Give back the whole listing exactly as written, leaving out each picture.

Collected data
:::
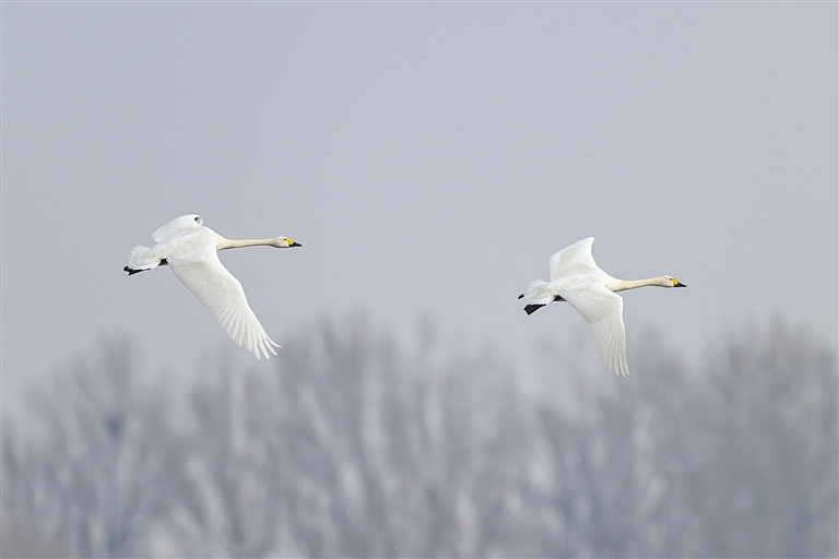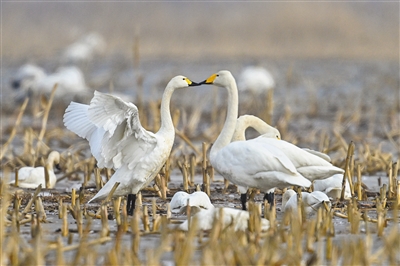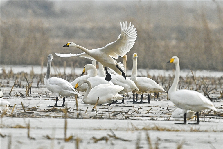 春回大地,万物复苏。包头市土默特右旗境内的黄河湿地迎来了迁徙天鹅,它们栖息觅食、悠闲漫步、振翅起舞,构成一幅生机盎然的生态画卷。
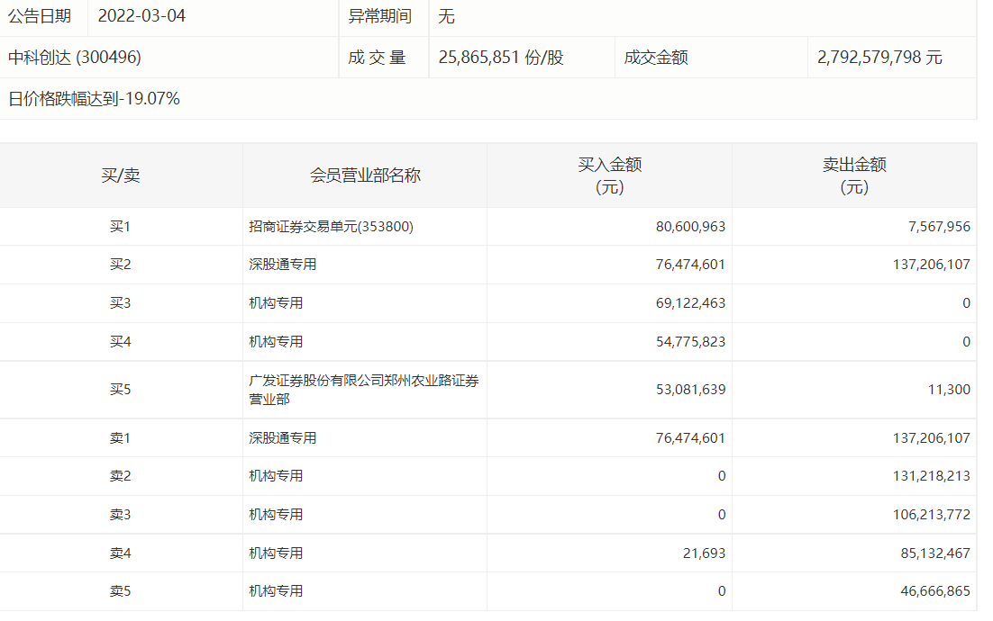 3月4日,中科创达放量大跌19%,盘中触及跌停。截至收盘,该股报105.36元,成交额27.93亿元,总市值447.8亿元。
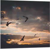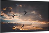 WallClassics - Drapeau - Vogels dans le ciel au coucher du soleil - 100x75 cm Photo sur Drapeau Polyester
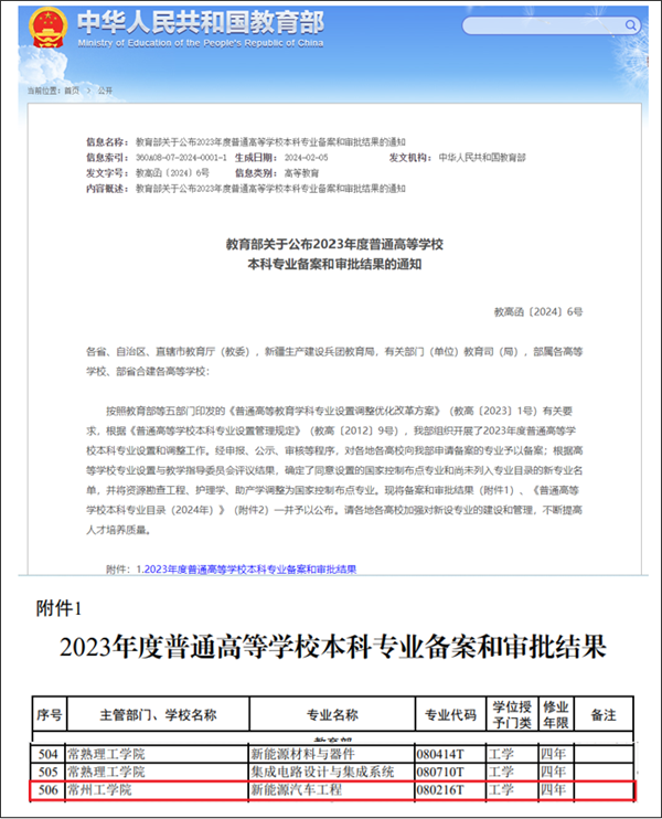 近日,教育部公布2023年度普通高等学校本科专业备案和审批结果,常州工学院申报的新能源汽车工程专业(专业代码080216T)成功获批。截至目前,常州工学院本科专业数达57个。
:::
Response to the exercise
 春回大地,万物复苏。包头市土默特右旗境内的黄河湿地迎来了迁徙天鹅,它们栖息觅食、悠闲漫步、振翅起舞,构成一幅生机盎然的生态画卷。
 3月4日,中科创达放量大跌19%,盘中触及跌停。截至收盘,该股报105.36元,成交额27.93亿元,总市值447.8亿元。
 WallClassics - Drapeau - Vogels dans le ciel au coucher du soleil - 100x75 cm Photo sur Drapeau Polyester
 近日,教育部公布2023年度普通高等学校本科专业备案和审批结果,常州工学院申报的新能源汽车工程专业(专业代码080216T)成功获批。截至目前,常州工学院本科专业数达57个。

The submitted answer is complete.